How do you differentiate f(x)=(ln(x-(e^(tan(x^2)))))^(3/2) using the chain rule?

1 Answer
Jan 3, 2016

f'(x)=((6xe^tan(x^2)sec^2(x^2)-3)sqrt(ln(x-e^tan(x^2))))/(2e^tan(x^2)-2x)

Explanation:

This is a mathematical bloodbath.

First Issue: the 3/2 power. Deal with through chain rule and power rule: d/dx(u^(3/2))=3/2u^(1/2)=3/2sqrtu.

f'(x)=3/2sqrt(ln(x-e^tan(x^2)))*d/dx(ln(x-e^tan(x^2)))

Second Issue: the natural logarithm. Use the chain rule: d/dx(ln(u))=1/u*u'.

f'(x)=3/2sqrt(ln(x-e^tan(x^2)))*1/(x-e^tan(x^2))*d/dx(x-e^tan(x^2))

A little simplification, first...

f'(x)=(3sqrt(ln(x-e^tan(x^2))))/(2(x-e^tan(x^2)))*d/dx(x-e^tan(x^2))

Third Issue: the e with the tangent power. Use the chain rule: d/dx(e^u)=e^u*u'.

f'(x)=(3sqrt(ln(x-e^tan(x^2))))/(2(x-e^tan(x^2))) * (1-e^tan(x^2)d/dx(tan(x^2)))

Fourth Issue: the tangent. Use chain rule again: d/dx(tan(u))=u'sec^2(u).

f'(x)=(3sqrt(ln(x-e^tan(x^2))))/(2(x-e^tan(x^2))) * (1-e^tan(x^2)sec^2(x^2)d/dx(x^2))

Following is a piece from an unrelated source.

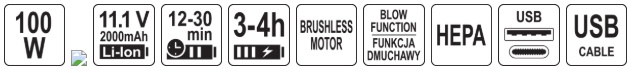vacuum cleaner, blower nozzle, Blower brush, crevice nozzle, wide nozzle, hoover brush, pumping nozzle, charging cable

d/dx(x^2) should be very easy to find!

f'(x)=(3sqrt(ln(x-e^tan(x^2))))/(2(x-e^tan(x^2))) * (1-2xsec^2(x^2)e^tan(x^2))

Some simplification can be done to reach...

f'(x)=((6xe^tan(x^2)sec^2(x^2)-3)sqrt(ln(x-e^tan(x^2))))/(2e^tan(x^2)-2x)